Autoria: Ana de Oliveira (Antropologia – ISCTE) e Tomás Vieira (LEMec)
Não obstante os seus estudos, conhece-se sempre colegas, amigos ou até familiares cujo part-time é prestar os ditos serviços de explicações. Estas aulas informais, de caráter preparatório para exames ou não, têm um ator comum: alunos do Instituto Superior Técnico (IST). Estatísticas acerca deste tipo de alunos revelaram-se difíceis de apurar, uma vez que na maioria dos casos a atividade é exercida a cargo individual (freelancing), contrapondo-se à contratação por centros de explicações. Para que se pudesse perceber um pouco acerca desta realidade universitária, o Diferencial entrevistou três alunos do IST explicadores: Manuel Gomes, Leonor Nicolau e Alice Duarte.
Entre anúncios a centros de explicações, panfletos e posters das inúmeras disciplinas lecionadas por um único indivíduo, somos todos expostos à imensidão do serviço. A saturação sentida por quem está fora do meio leva ao natural questionamento: “A escola não é suficiente?”.
Pontos como os salários e a falta de professores surgiram na tentativa de justificar a precariedade do sistema e a consequente procura por explicadores. Apesar disso, os entrevistados sublinharam razões menos políticas. Segundo Leonor, “muitas vezes os pais colocam os filhos na explicação na tentativa de fazer aquilo que eles não fazem sozinhos”. Acrescenta também uma falta de bases dos explicandos, resultante do período de quarentena “tens de lutar, para além da matéria nova, com o que eles não sabem”. Porém, o problema está longe de ser recente, sendo assente numa má cultura de estudo: “há tantas nuances que não consigo apanhar em duas horas e que depois não são estudadas em casa”, remata a explicadora.

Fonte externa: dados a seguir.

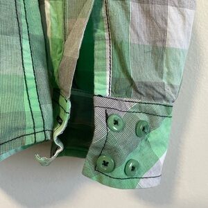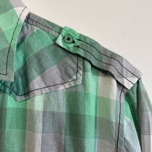 Green Plaid Button Down Western Style Shirt

Noutra perspetiva, Manuel e Alice relatam ter um público diferente, explicações de natureza mais privilegiada: alunos exemplares e/ou pais que desejam um desempenho de excelência nos exames nacionais. No entanto e pertinentemente, Alice realça: “a explicação nunca vai ser a sala de aula, não é onde deve acontecer a primeira aprendizagem”. Nisto, há quem argumente que aprender diante de um professor e com outros trinta adolescentes tem os dias contados e que o atual sistema de ensino precisa de ser repensado, e nesse mesmo sentido Alice discorre, realçando o caráter complementário das suas aulas: “Tenho espaço para me preocupar com cada aluno, tenho um acompanhamento direto” – dinâmica improvável numa turma convencional. Corroborando, Leonor menciona ainda o caso de alunos com dificuldades especiais ou menos aptos para uma certa disciplina, a que Alice conclui: “acho que este acompanhamento é necessário, mas não acho que isso seja verdade para todos”.
Ao procurar-se saber o enquadramento estatutário destes estudantes, percebe-se que apenas aqueles, dentro de outros requisitos [1], com situação regularizada na Segurança Social podem pedir estatuto de trabalhador-estudante. Com isto em mente, todo aquele que o faça fora de um contrato ou que não passe recibos, à luz da documentação oficial, não reúne as condições para fazer o requerimento. Salvaguardando que, deste modo, o trabalhador não poderá usufruir dos benefícios mesmo que efetivamente trabalhe.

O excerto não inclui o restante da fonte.